-- REQUIRED WORK --
Reproduce exactly only the lines from the line that holds "近日,由中共湖南省委教育工委" to the line that holds "Bel Air, Biscayne, Brookwood, C10", inclusive, in the listing below, and please leave out every picture.

-- INPUT MATERIAL --
◆ ◆ ◆ ◆ ◆ ◆ ◆

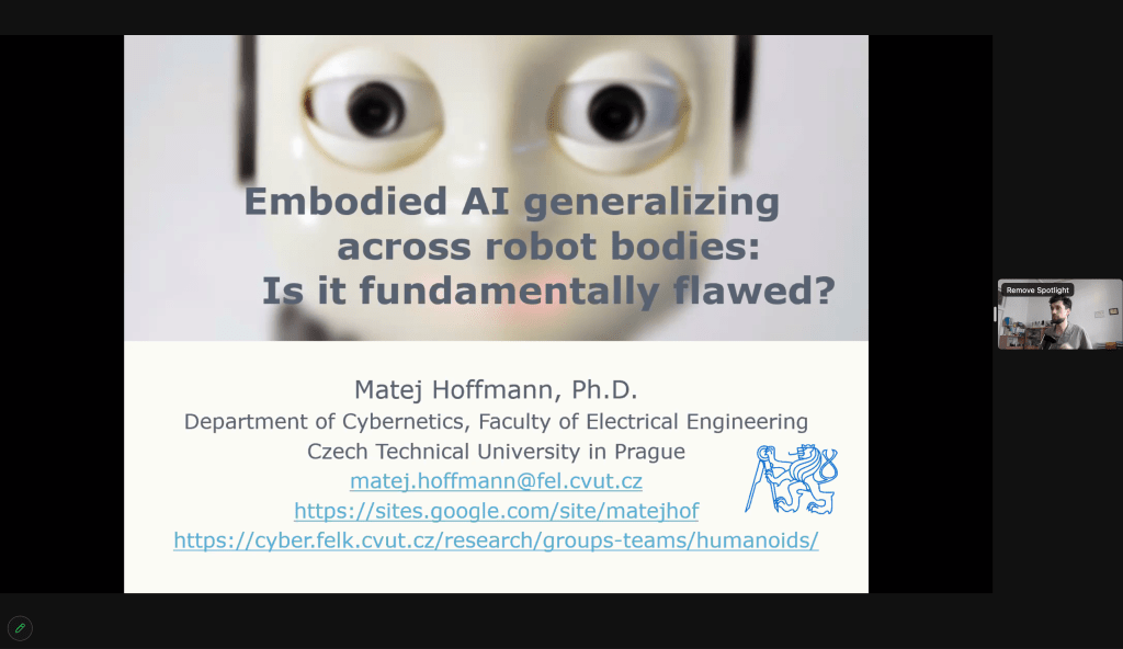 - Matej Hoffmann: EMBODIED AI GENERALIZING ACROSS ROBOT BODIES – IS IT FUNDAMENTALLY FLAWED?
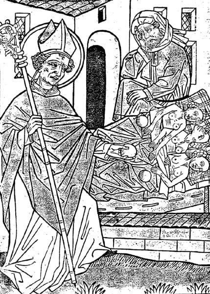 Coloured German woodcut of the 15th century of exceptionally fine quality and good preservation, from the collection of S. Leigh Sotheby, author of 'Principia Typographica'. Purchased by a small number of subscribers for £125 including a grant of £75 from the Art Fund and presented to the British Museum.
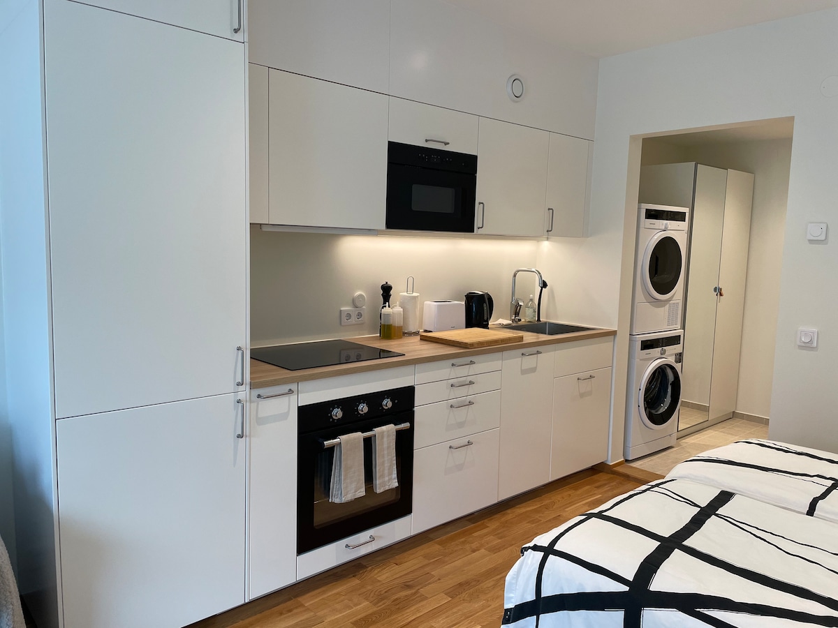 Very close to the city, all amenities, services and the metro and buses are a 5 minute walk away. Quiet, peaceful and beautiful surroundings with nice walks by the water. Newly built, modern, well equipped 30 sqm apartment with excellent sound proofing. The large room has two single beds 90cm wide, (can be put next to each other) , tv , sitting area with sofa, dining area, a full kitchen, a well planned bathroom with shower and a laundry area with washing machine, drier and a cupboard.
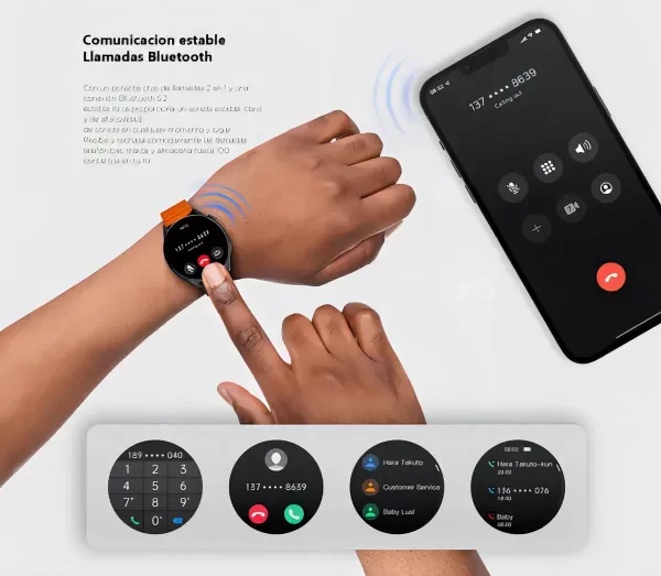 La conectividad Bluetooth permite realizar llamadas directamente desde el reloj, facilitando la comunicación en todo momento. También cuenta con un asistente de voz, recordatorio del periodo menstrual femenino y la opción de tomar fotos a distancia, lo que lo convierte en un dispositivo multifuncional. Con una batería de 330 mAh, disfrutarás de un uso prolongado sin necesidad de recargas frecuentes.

◆ ◆ ◆ ◆ ◆ ◆ ◆

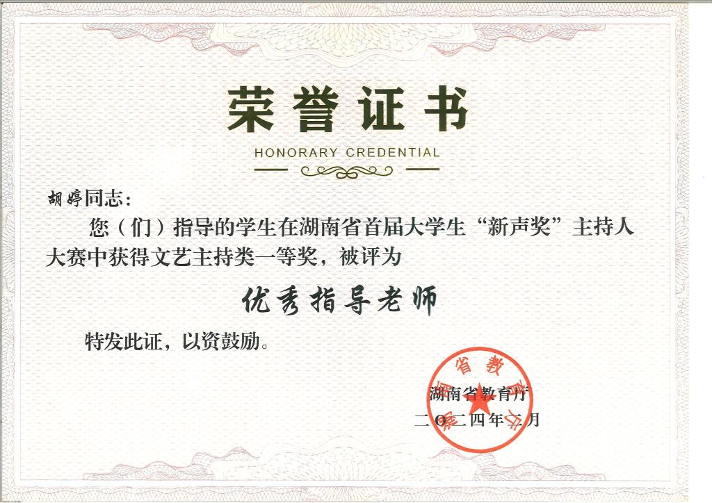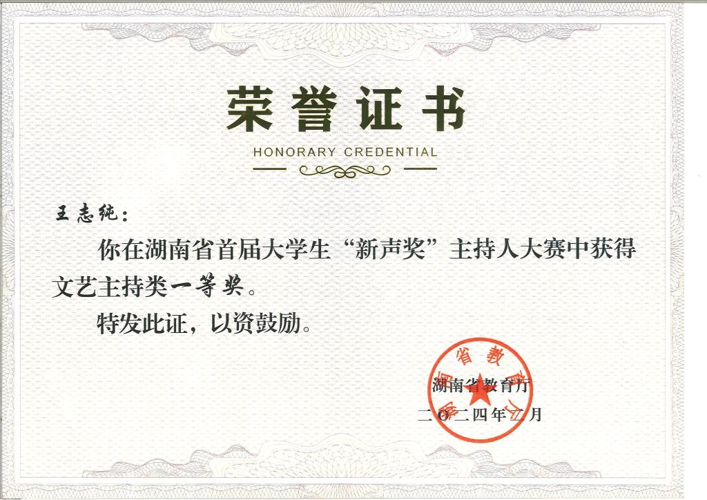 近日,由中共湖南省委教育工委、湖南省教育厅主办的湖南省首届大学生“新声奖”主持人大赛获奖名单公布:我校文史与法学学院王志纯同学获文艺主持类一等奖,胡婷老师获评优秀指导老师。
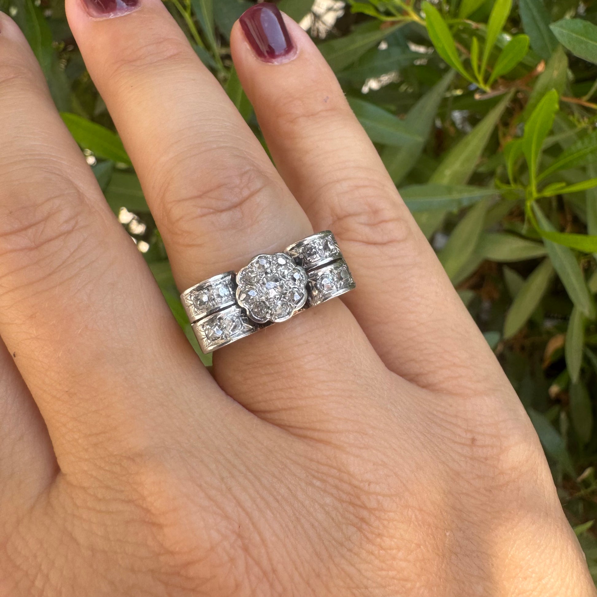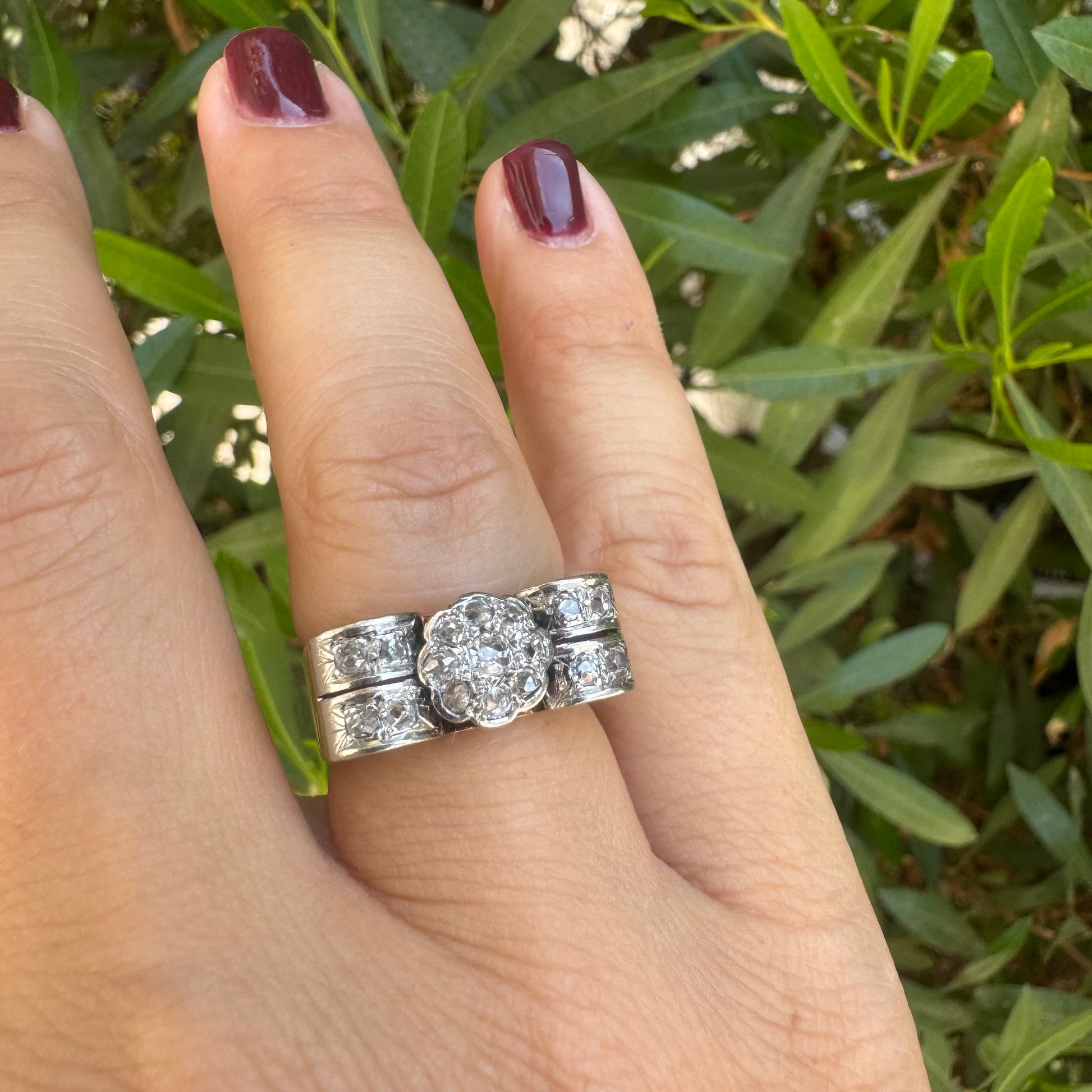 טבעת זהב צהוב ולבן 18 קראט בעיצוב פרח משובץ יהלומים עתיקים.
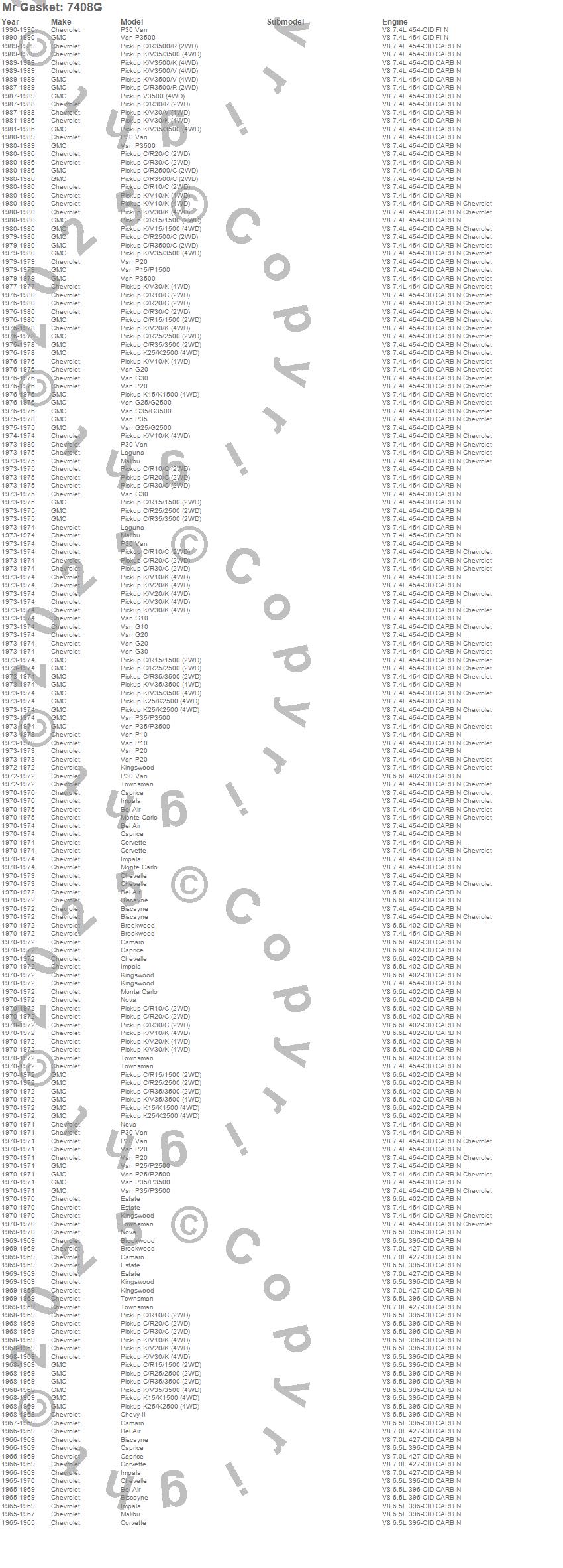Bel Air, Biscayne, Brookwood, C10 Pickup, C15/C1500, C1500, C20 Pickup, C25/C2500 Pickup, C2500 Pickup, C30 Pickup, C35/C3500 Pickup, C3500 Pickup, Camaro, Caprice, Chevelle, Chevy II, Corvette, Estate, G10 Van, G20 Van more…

◆ ◆ ◆ ◆ ◆ ◆ ◆

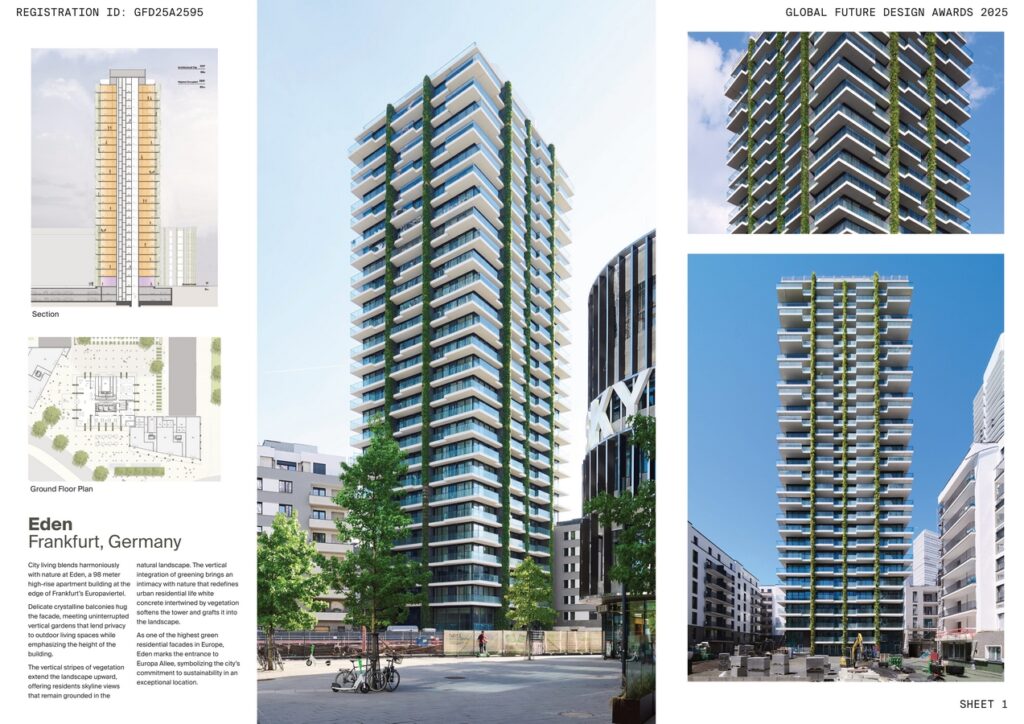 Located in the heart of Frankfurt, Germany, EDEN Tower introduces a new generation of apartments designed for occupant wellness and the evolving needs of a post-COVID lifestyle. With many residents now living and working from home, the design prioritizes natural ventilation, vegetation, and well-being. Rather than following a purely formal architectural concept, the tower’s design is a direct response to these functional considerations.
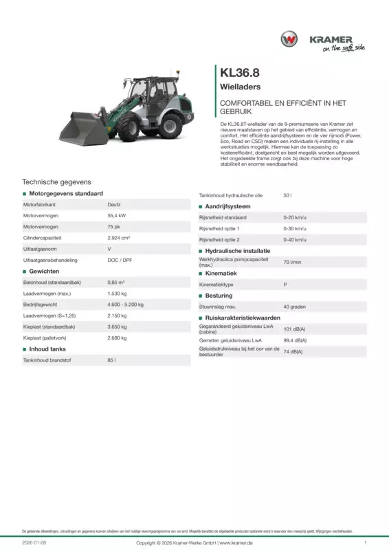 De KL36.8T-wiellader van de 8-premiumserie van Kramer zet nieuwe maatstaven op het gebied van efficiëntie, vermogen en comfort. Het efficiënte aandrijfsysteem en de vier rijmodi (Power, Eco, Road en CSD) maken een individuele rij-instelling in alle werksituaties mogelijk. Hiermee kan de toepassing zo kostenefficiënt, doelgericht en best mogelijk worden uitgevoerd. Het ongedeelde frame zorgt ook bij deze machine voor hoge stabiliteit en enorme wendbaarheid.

◆ ◆ ◆ ◆ ◆ ◆ ◆

-- FINISHED EXERCISE --
 近日,由中共湖南省委教育工委、湖南省教育厅主办的湖南省首届大学生“新声奖”主持人大赛获奖名单公布:我校文史与法学学院王志纯同学获文艺主持类一等奖,胡婷老师获评优秀指导老师。
 טבעת זהב צהוב ולבן 18 קראט בעיצוב פרח משובץ יהלומים עתיקים.
Bel Air, Biscayne, Brookwood, C10 Pickup, C15/C1500, C1500, C20 Pickup, C25/C2500 Pickup, C2500 Pickup, C30 Pickup, C35/C3500 Pickup, C3500 Pickup, Camaro, Caprice, Chevelle, Chevy II, Corvette, Estate, G10 Van, G20 Van more…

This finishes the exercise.